Hemalatha Golaconda, Kishore Inampudi Krishna, Rao Raghavarapu Srinivasa, Guruprasad Lalitha
School of Chemistry, University of Hyderabad, Hyderabad 500046, India.
Protein Pept Lett. 2007;14(7):692-7. doi: 10.2174/092986607781483903.

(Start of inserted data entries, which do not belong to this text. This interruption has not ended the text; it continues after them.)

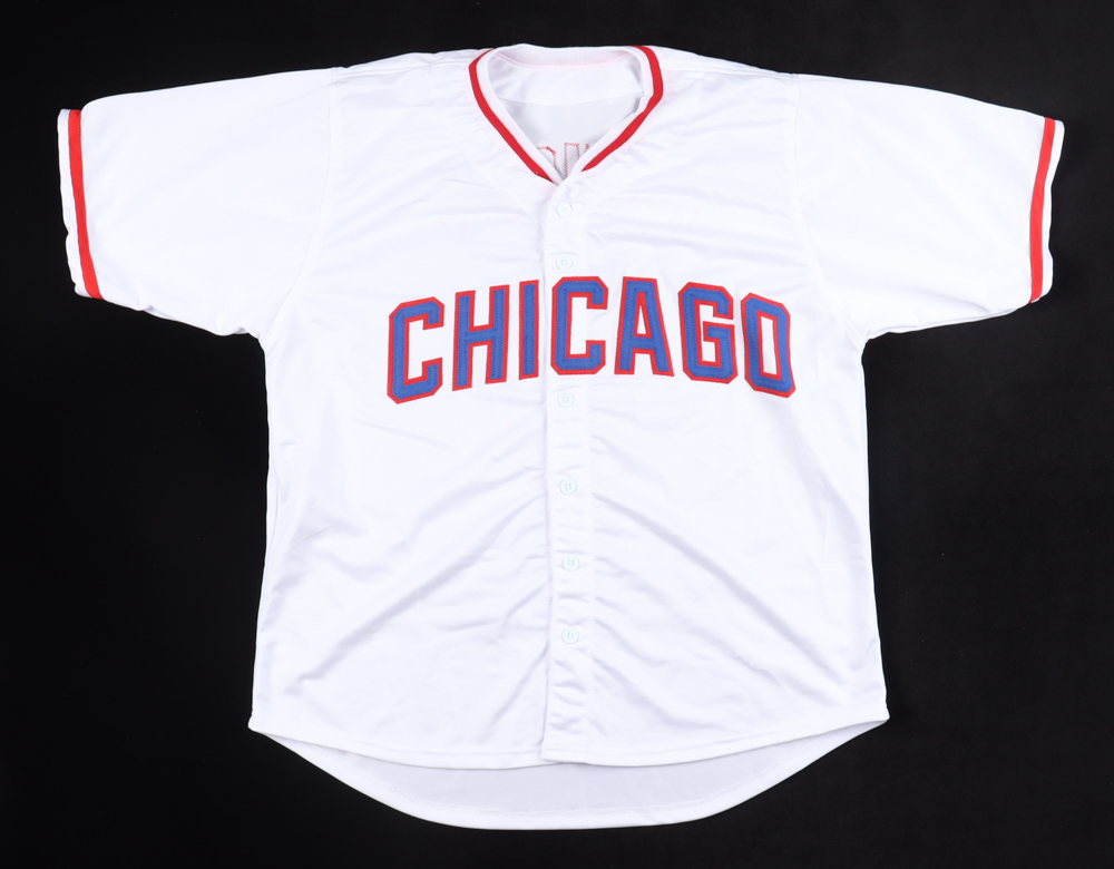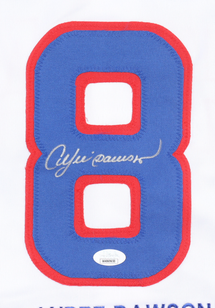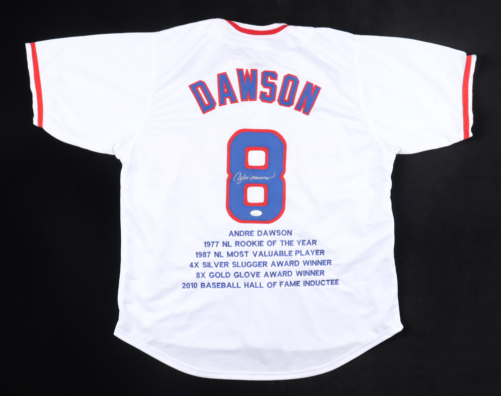 Custom jersey. Everything sewn on, size XL. Hand-signed by Andre Dawson (HOF). Please note that Dawsons' career stats have been sewn on below the reverse numbers.
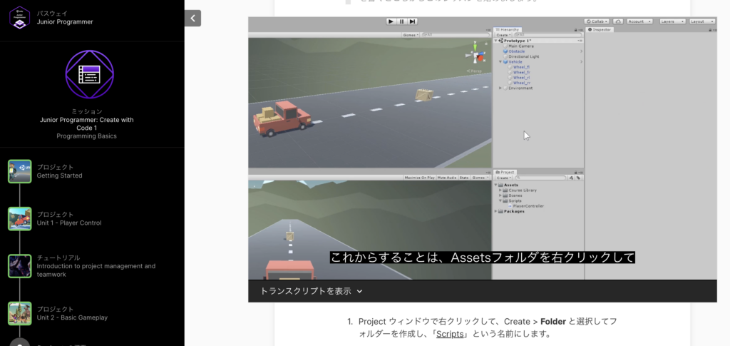 現在は「Junior Programmer」パスのレッスン1から、レッスン3の途中まで進めています。各ユニットでの学びを深掘りしてみます。
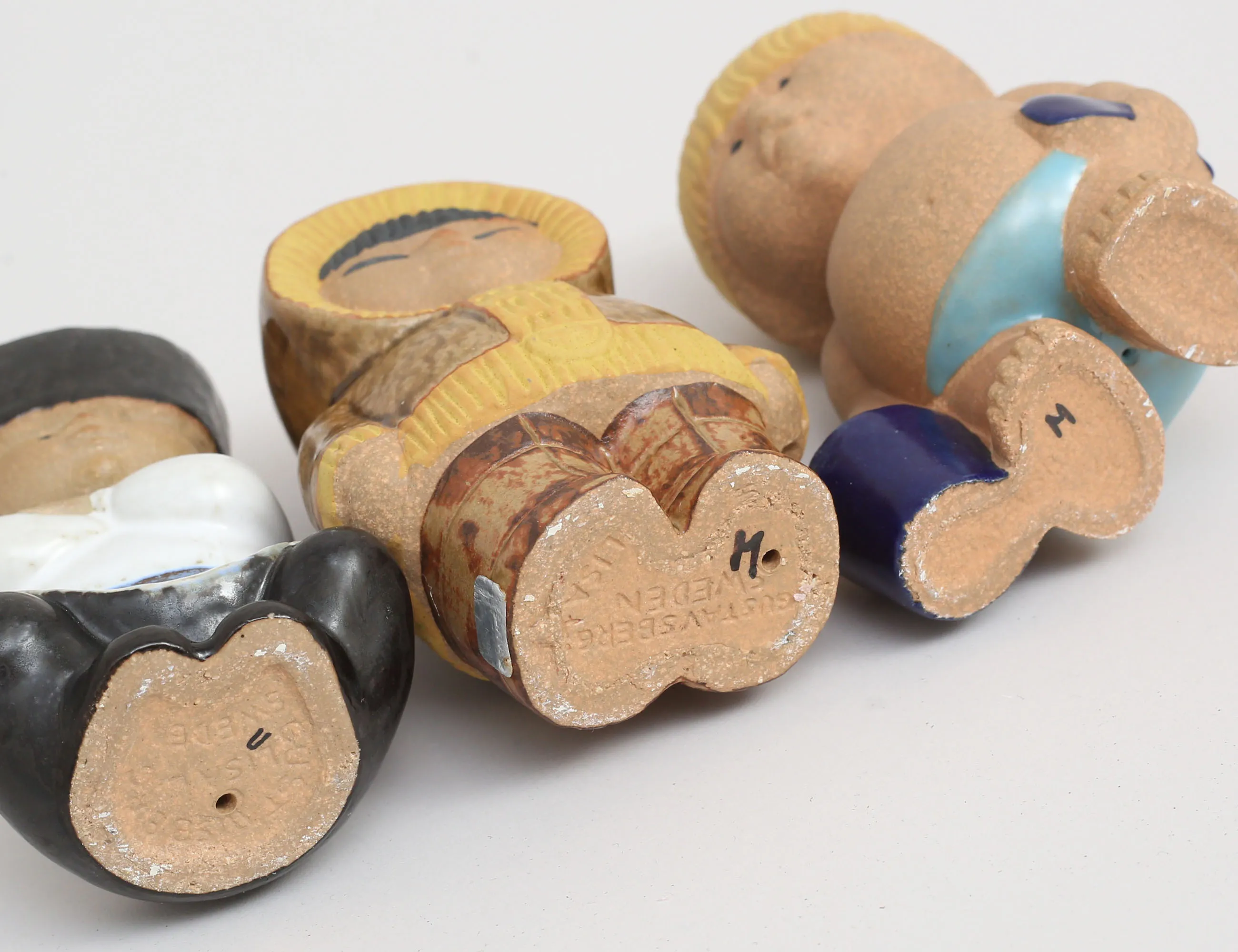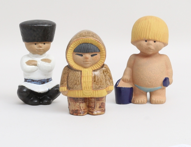 figuriner "Ivan", "Väst" samt "Nord", ur serien "Världens Barn", delvis glaserat stengods, stämpelmärkta en med etikett, höjd 12/13 (3)
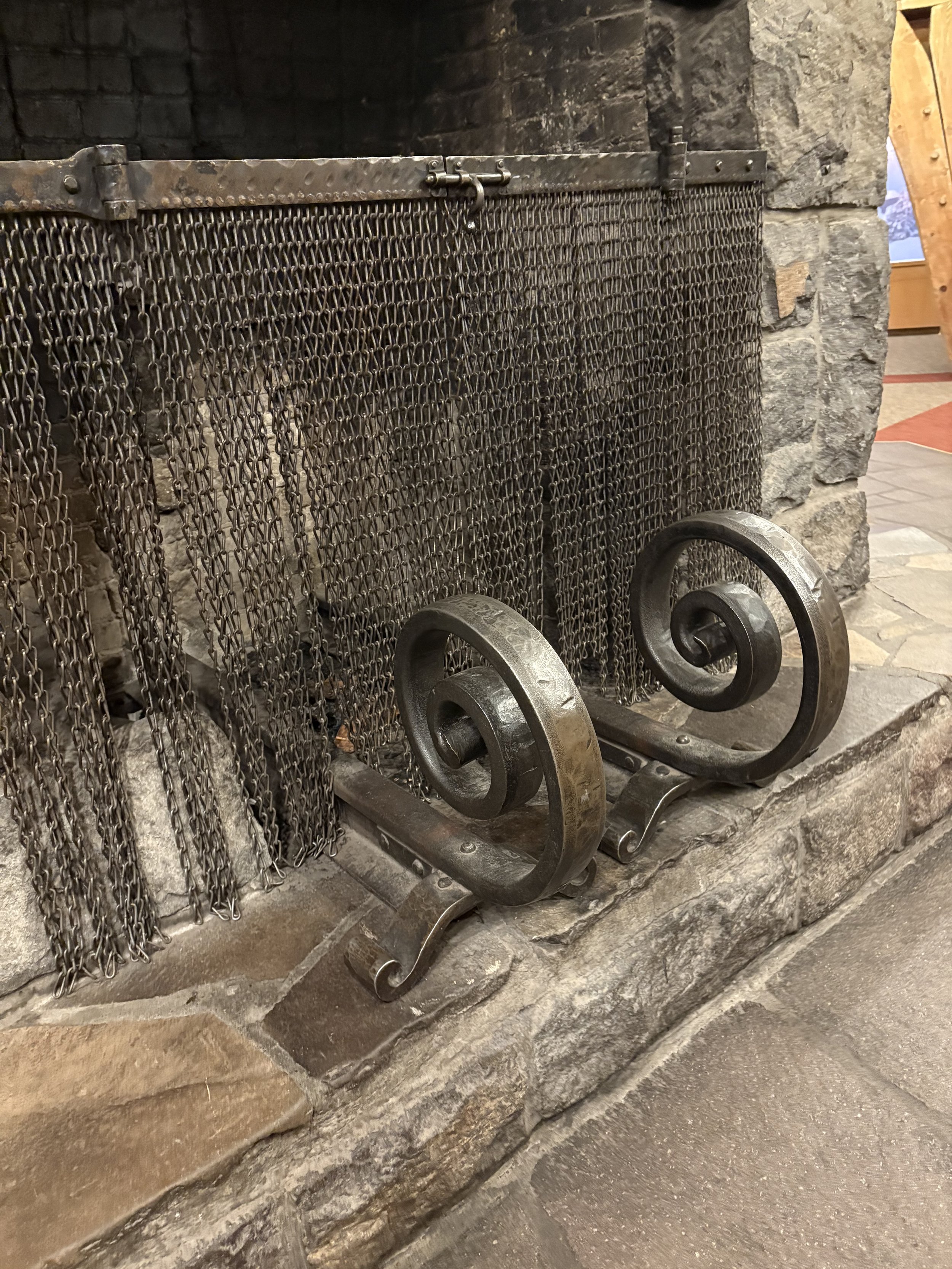 My jaw dropped upon entering the lobby. Had I just teleported to the twentieth century Swiss Alps? Built between 1936-38 as part of the Great Depression’s Works Progress Administration (WPA), every inch of this New Deal-era lodge showcases art and craftsmanship. Soaring, old-growth beams reach for the ceiling without the help of brackets or buckets – mortise and tenon construction at its finest. Long before the environmental movement, Timberline embraced repurposing materials. The fireplace’s spark arrestor? Snow-chains from trucks. Thick, curved supports for the grill? Railroad tracks. Bannisters? Telephone poles. You get the idea. Each piece of art has a QR code providing background information.

We have identified four repeats and five domains that are novel in proteins encoded by the Pyrobaculum aerophilum str. IM2 proteome using automated in silico methods. A "repeat" corresponds to a region comprising less than 55 amino acid residues that occurs more than once in the protein sequence and sometimes present in tandem. A "domain" corresponds to a conserved region comprising greater than 55 amino acid residues and may be present as single or multiple copies in the protein sequence. These correspond to (1) 85 amino acid residues AAG domain, (2) 72 amino acid residues GFGN domain, (3) 43 amino acid residues KGG repeat, (4) 25 amino acid residues RWE repeat, (5) 25 amino acid residues RID repeat, (6) 108 amino acid residues NDFA domain, (7) 140 amino acid residues VxY domain, (8) 35 amino acid residues LLPN repeat and (9) 98 amino acid residues GxY domain. A repeat or domain is characterized by specific conserved sequence motifs. We discuss the presence of these repeats and domains in proteins from other genomes and their probable secondary structure.
我们利用自动化的计算机方法,在嗜气栖热菌(Pyrobaculum aerophilum)str. IM2蛋白质组编码的蛋白质中鉴定出了4个重复序列和5个结构域,这些都是新发现的。一个“重复序列”对应于蛋白质序列中出现不止一次且有时呈串联形式的、包含少于55个氨基酸残基的区域。一个“结构域”对应于包含超过55个氨基酸残基的保守区域,在蛋白质序列中可能以单拷贝或多拷贝形式存在。它们分别是:(1) 85个氨基酸残基的AAG结构域,(2) 72个氨基酸残基的GFGN结构域,(3) 43个氨基酸残基的KGG重复序列,(4) 25个氨基酸残基的RWE重复序列,(5) 25个氨基酸残基的RID重复序列,(6) 108个氨基酸残基的NDFA结构域,(7) 140个氨基酸残基的VxY结构域,(8) 35个氨基酸残基的LLPN重复序列,以及(9) 98个氨基酸残基的GxY结构域。一个重复序列或结构域由特定的保守序列基序所表征。我们讨论了这些重复序列和结构域在其他基因组蛋白质中的存在情况及其可能的二级结构。